See if you qualify for a personal loan. Start here1. How much do I need to borrow and how fast do I need the money?
The bigger your loan, the more likely you are to need a HEL’s lower monthly payments. However, you may be constrained by the amount of equity you have in your home. Meanwhile, a HEL rarely makes sense for smaller sums, simply because it costs so much to set one up.
Personal loans make for the speedier option as well. The funds from personal loans can attained in as little as a day. Because of this, they make more sense in the case of a financial emergency when you need money upfront and fast.
2. What is the cost of each option?
You need to work out the total cost of borrowing for every deal you consider. That applies to all the personal loan and HEL offers you receive. And you always get at least three quotes for all your borrowing. Don’t you?
You need to know how much your borrowing will have cost you in interest and set-up charges (origination fees or closing costs, if any) when you finally make your last payment. It’s critical you know that dollar sum.
Of course, you don’t have to go with the lowest cost. There may be good reasons why you choose the lower monthly payments of a HEL over a cheaper personal loan. Which leads on to ...
3. What payment can I afford?
If you can afford the higher monthly payments of a personal loan, you’ll almost certainly be better off, in the long run, choosing that route. Even though you’ll likely be paying a higher rate and making bigger payments, you’ll be borrowing for a significantly shorter period. And that makes a bigger difference to your total cost of borrowing than interest rates in all but the most exceptional circumstances.

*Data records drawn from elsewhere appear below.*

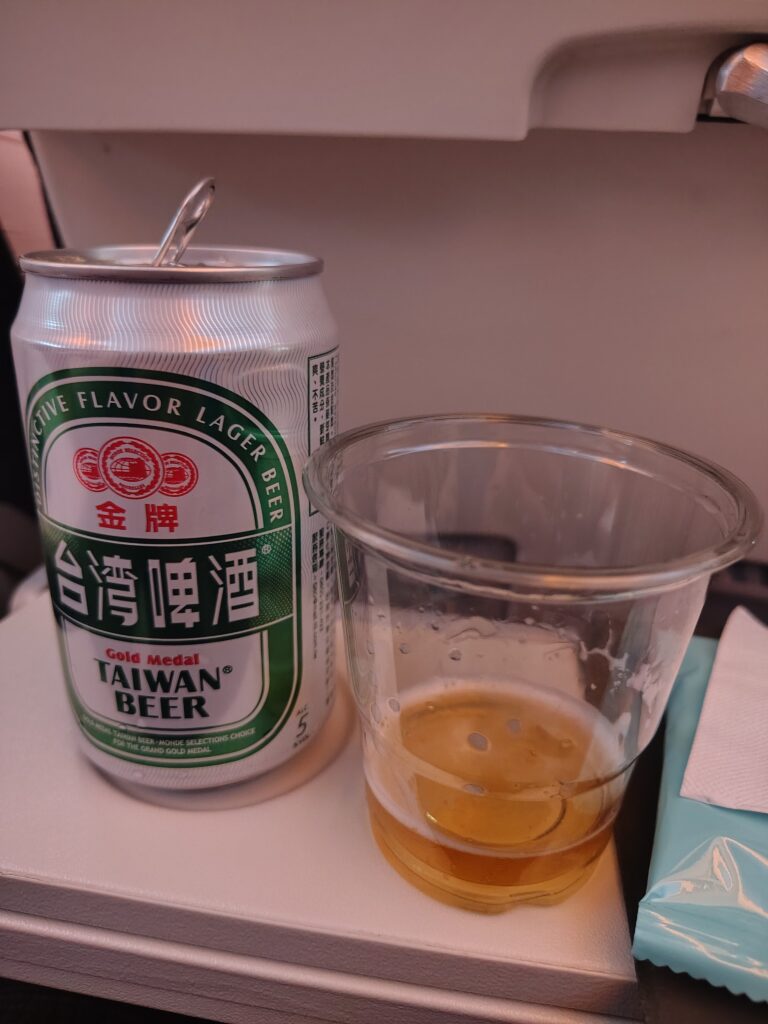 Nástup proběhl v pořádku, jen jsem si ve stresu zapomněl vzít sluchátka, čímž jsem se odsoudil k četbě, případně sledování němých filmů. Na palubě se ptali, co budu pít, tak jsem, po česku, zvolil pivo. Taiwanské. Nebylo to úplně k nepití, ale Braník, v rychlosti vylemtanej před terminálem, proti tomu chutnal jako Plzeň od Vejvodů.
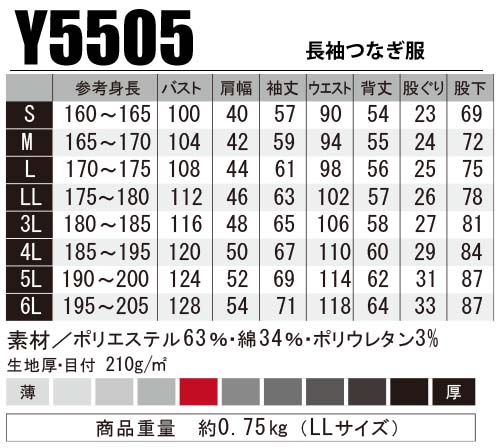 サイズ: S / M / L / LL / 3L / 4L / 5L / 6L
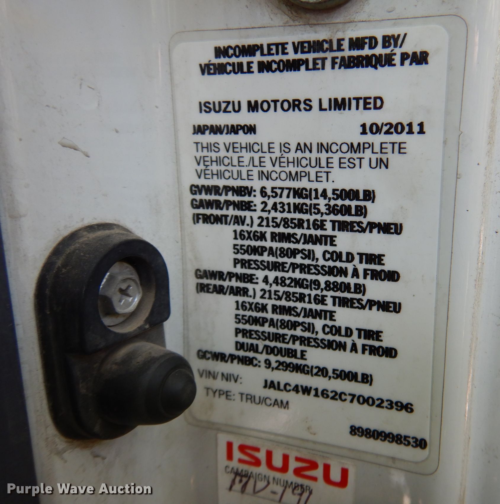- VIN: JALC4W162C7002396
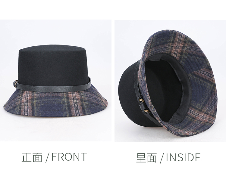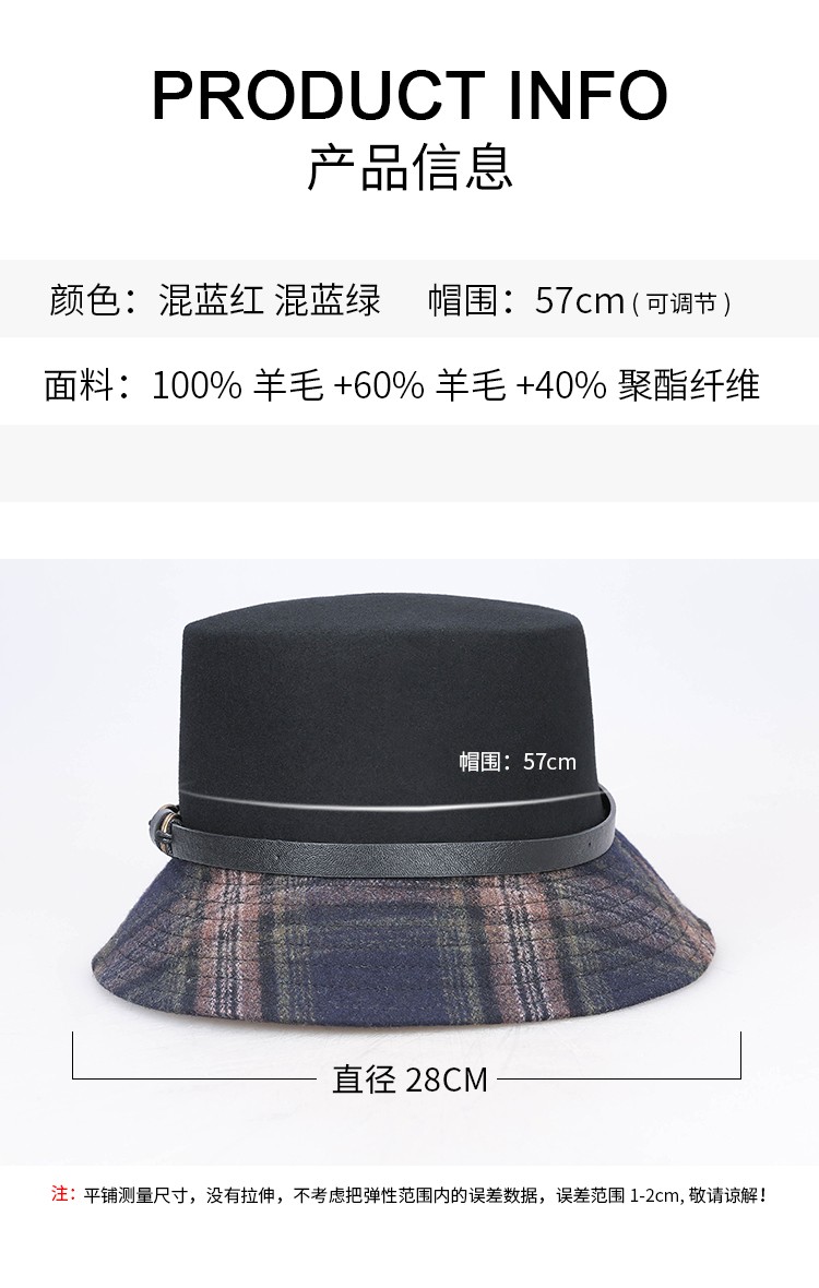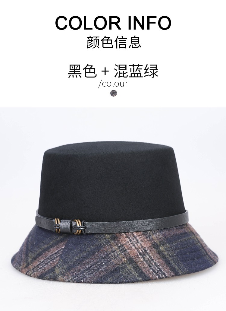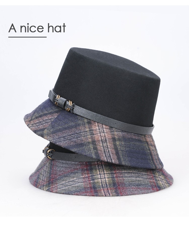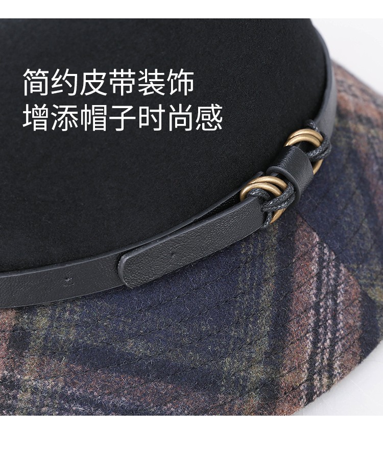 靈瓏小香風格子漁夫帽女秋冬百搭帽子潮 英倫復古皮帶扣遮陽盆帽
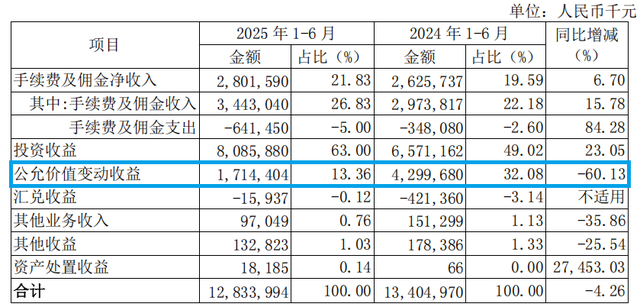 值得注意的是收入结构的"偏科"。2025年上半年,南京银行的非利息净收入为128.34亿元,同比减少5.71亿元,同比下降4.26%。其中,公允价值变动收益约为17.14亿元,同比暴跌60.13%,这与银行业非息收入整体7.01%的增速形成鲜明反差。

Typically, a personal loan also has the advantage of being over faster. You’ll be free of the burden sooner. That’s especially important if you’re using your loan to consolidate existing debts, such as credit card balances. Do you really want to be paying for the shoes you bought last month and the restaurant bill you charged last week in 15 years’ time?
But, more importantly, you must be sure you can comfortably cover your payments whichever type of loan you choose. Stretching your budget too far can lead to stress levels — and ultimately dire consequences — that just aren’t worth the savings you stand to make by making the supposedly “smart” choice.
The bottom line
Personal loans are faster and require less administrative work than mortgages. Just like other financing types, you’ll still need to meet the underwriting standards to qualify, and they come with pros and cons.
If you have strong credit, steady income, and are looking to consolidate high-interest debt or you have a big unexpected cost to payoff quickly, a personal loan could make a lot of sense.
When you’re ready to move forward, shop online with multiple lenders so you can leverage a lower interest rate and better terms.